Linkabit had many spinoffs and descendents, and in 1985 Jacobs and Viterbi started a new company called Qualcomm. It didn’t immediately do especially well, but by the early 1990s it began a meteoric rise when it started making the components to deploy CDMA in cellphones—and in 1999 Sol became the “Viterbi Professor of Communications” at USC.

It’s sort of amazing that—although most people have never heard of them—shift register sequences are actually used in one way or another almost whenever bits are moved around in modern communication systems, computers and elsewhere. It’s quite confusing sometimes, because there are lots of things with different names and acronyms that all turn out to be linear-feedback shift register sequences (PN, pseudonoise, M-, FSR, LFSR sequences, spread spectrum communications, MLS, SRS, PRBS, …).

If one looks at cellphones, shift register sequence usage has gone up and down over the years. 2G networks are based on TDMA, so don’t use shift register sequences to encode their data—but still often use CRCs to validate blocks of data. 3G networks are big users of CDMA—so there are shift register sequences involved in pretty much every bit that’s transmitted. 4G networks typically use a combination of time and frequency slots which don’t directly involve shift register sequences—though there are still CRCs used, for example to deal with data integrity when frequency windows overlap. 5G is designed to be more elaborate—with large arrays of antennas dynamically adapting to use optimal time and frequency slots. But half their channels are typically allocated to “pilot signals” that are used to infer the local radio environment—and work by transmitting none other than shift register sequences.

Throughout most kinds of electronics it’s common to want to use the highest data rates and the lowest powers that still get bits transmitted correctly above the “noise floor”. And typically the way one pushes to the edge is to do automatic error detection—using CRCs and therefore shift register sequences. And in fact pretty much every kind of bus (PCIe, SATA, etc.) inside a computer does this: whether it’s connecting parts of CPUs, getting data off devices, or connecting to a display with HDMI. And on disks and in memory, for example, CRCs and other shift-register-sequence-based codes are pretty much universally used to operate at the highest possible rates and densities.

Shift registers are so ubiquitous, it’s a little difficult to estimate just how many of them are in use, and how many bits are being generated by them.
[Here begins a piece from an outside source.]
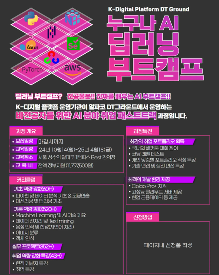 [서울/인천/경기] AI인공지능 딥러닝 데이터분석 부트캠프 국비지원 교육과정
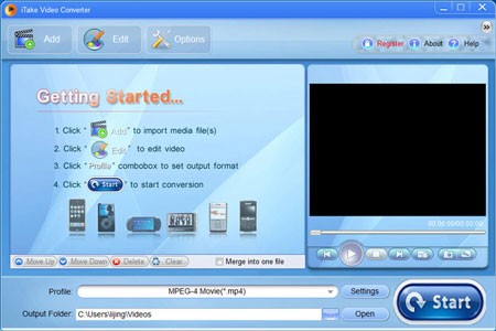 iTake Video Converter được biết đến rộng rãi như một chương trình chuyển đổi video hàng đầu, hỗ trợ nhiều định dạng khác nhau như MP4, FLV, WMA, 3GP, M4A, DivX, XviD, MOV, rm, rmvb, MPEG, VOB, WMV, AVI và nhiều định dạng khác.

There are perhaps 10 billion computers, slightly fewer cellphones, and an increasing number of billions of embedded and IoT (“Internet of Things”) devices. (Even many of the billion cars in the world, for example, have at least 10 microprocessors in them.)

At what rate are the shift registers running? Here, again, things are complicated. In communications systems, for example, there’s a basic carrier frequency—usually in the GHz range—and then there’s what’s called a “chipping rate” (or, confusingly, “chip rate”) that says how fast something like CDMA is done, and this is usually in the MHz range. On the other hand, in buses inside computers, or in connections to a display, all the data is going through shift registers, at the full data rate, which is well into the GHz range.
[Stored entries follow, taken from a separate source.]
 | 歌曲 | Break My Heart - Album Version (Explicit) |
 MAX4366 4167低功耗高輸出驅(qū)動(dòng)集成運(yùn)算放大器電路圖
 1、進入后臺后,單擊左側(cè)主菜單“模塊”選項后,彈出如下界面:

So it seems safe to estimate that there are at least 10 billion communications links, running for at least 1/10 billion seconds (which is 3 years), that use at least 1 billion bits from a shift register every second—meaning that to date Sol’s algorithm has been used at least an octillion times.

Is it really the most-used mathematical algorithm idea in history? I think so. I suspect the main potential competition would be from arithmetic operations. These days processors are doing perhaps a trillion arithmetic operations per second—and such operations are needed for pretty much every bit that’s generated by a computer. But how is arithmetic done? At some level it’s just a digital electronics implementation of the way people have done arithmetic forever.

But there are some wrinkles—some “algorithmic ideas”—though they’re quite obscure, except to microprocessor designers. Just as when Babbage was making his Difference Engine, carries are a big nuisance in doing arithmetic. (One can actually think of a linear-feedback shift register as being a system that does something like arithmetic, but doesn’t do carries.) There are “carry propagation trees” that optimize carrying. There are also little tricks (“Booth encoding”, “Wallace trees”, etc.) that reduce the number of bit operations needed to do the innards of arithmetic. But unlike with LFSRs, there doesn’t seem to be one algorithmic idea that’s universally used—and so I think it’s still likely that Sol’s maximum-length LFSR sequence idea is the winner for most used.

Even though it’s not obvious at first, it turns out there’s a very close relationship between feedback shift registers and something I’ve spent many years studying: cellular automata. The basic setup for a feedback shift register involves computing one bit at a time. In a cellular automaton, one has a line of cells, and at each step all the cells are updated in parallel, based on a rule that depends, say, on the values of their nearest neighbors.

To see how these are related, think about running a feedback shift register of size *n*, but displaying its state only every *n* steps—in other words, letting all the bits be rewritten before one displays again. If one displays every step of a linear-feedback shift register (here with two taps next to each other), as in the first two panels below, nothing much happens at each step, except that things shift to the left. But if one makes a compressed picture, showing only every *n* steps, suddenly a pattern emerges.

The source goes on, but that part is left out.